Received a Second RFE? Why It Happens and How to Fight Back

A second RFE on the same petition is rare — but when it happens, it means your first response didn't address the adjudicator's actual concern. Here is how to diagnose and recover.

By Ola Johnson·Founder & CEO·Updated April 2026

Rare, But Devastating When It Happens

A first RFE is stressful. A second RFE on the same petition feels like drowning on the way up from drowning.

Second RFEs are statistically rare — they occur in approximately 12% of cases that received a first RFE, so somewhere around 4% of original petitions overall. But when they happen, they almost always mean one thing: your first response addressed the wrong concern. The adjudicator isn't issuing a second RFE because you've exhausted them. They're issuing it because the response you filed didn't actually answer the question they were asking.

This article is for petitioners in that exact situation: you filed a careful first response, waited months, and just received a second I-797E that feels impossibly unfair. Here is how to diagnose what went wrong and how to mount a credible second response.

A note from Lumova: I'm an AI guide trained on over 10,000 USCIS cases. I'm here to educate, not advise. A second RFE is a serious situation — if you haven't already consulted with an experienced immigration attorney, this is the point at which doing so is strongly recommended. I am not an immigration attorney.

Why Second RFEs Happen

When we pattern-match second RFEs in the Lumova dataset against their first-RFE counterparts, four distinct failure modes account for nearly all cases.

Failure Mode 1: You answered the wrong question. The most common pattern. The first RFE said one thing; you interpreted it as meaning something slightly different; you responded to your interpretation. The adjudicator, reading your response, sees that you've added new evidence but the new evidence doesn't actually address what was asked. Example: the first RFE said "the evidence does not demonstrate that the petitioner's contributions are of major significance," and you responded by adding more expert letters opining on significance. That is not what was asked. The adjudicator was asking for evidence of downstream impact — citations, adoption, commercialization — not more expert opinion.

Failure Mode 2: You didn't address the Kazarian Step 2 subtext. The first RFE was structured as a per-criterion challenge (C5 and C7, say), but the underlying concern was that even if each criterion individually met the threshold, the totality didn't demonstrate acclaim at the required level. Your response fixed the per-criterion issues but never rebuilt the Step 2 argument — so the adjudicator, now satisfied on Step 1, issues a second RFE (or a NOID) on Step 2. This is why every RFE response, regardless of what was explicitly challenged, should reinforce the Step 2 totality argument.

Failure Mode 3: You introduced new weaknesses. Your response included additional evidence or expert letters that, on inspection, raised new questions the adjudicator didn't have before. A classic example: you added an independent expert letter, but the "independent" expert turns out to have a past collaboration with you that you didn't disclose. The adjudicator notices and flags it. Now you have two problems — the original challenge you were trying to address, and the credibility question you just introduced.

Failure Mode 4: The first response was procedurally sloppy. Exhibits that don't match their brief references. Expert letters that restate what's already in the record without adding independent analysis. Arguments that cite policies or regulations incorrectly. Sloppy procedure triggers second RFEs that look substantive but are actually responding to procedural noise in the submission.

Figure out which failure mode applies to your second RFE before you start writing the second response. The diagnostic work is half the battle.

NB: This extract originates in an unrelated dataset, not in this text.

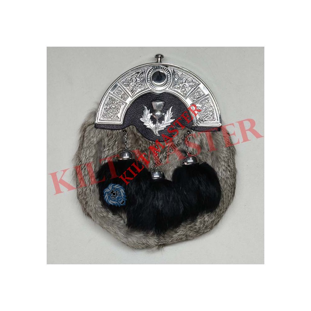 If you've been searching for an accessory that's distinct and fashionable, you'll love the Thistle Grey Rabbit Fur Sporran. It's elegant and traditional, and it provides the perfect finishing touch to your outfit. Dress up your kilt with this stunning sporran today!

Diagnosis: Read Both Notices Side by Side

Put the first RFE notice and the second RFE notice on your desk next to each other. Read them both, slowly, out loud, in the order they were issued.

Three things to look for:

1. Is the second RFE asking for the same thing as the first? If yes, you responded to the wrong question in the first response. Re-read the first RFE with fresh eyes and identify the specific ask you missed.

2. Is the second RFE asking for something new? If yes, something you did in the first response introduced a new issue. Your job now is to identify what that something was and address it.

3. Is the second RFE at a different level of analysis? If the first RFE was per-criterion and the second is Step 2 totality — or vice versa — you're seeing the classic "fixed Step 1 but never argued Step 2" pattern. Rebuild the totality argument explicitly.

Write the diagnosis in one or two sentences. Example: "The first RFE challenged C5 with standard 'major significance' language. I responded by adding three expert letters and a patent valuation. The second RFE now says 'the evidence of major significance consists primarily of expert opinion and does not demonstrate independent adoption or impact.' Diagnosis: I misunderstood the first ask. The adjudicator wanted evidence of downstream adoption, not more expert opinion."

This sentence is the foundation of your second response.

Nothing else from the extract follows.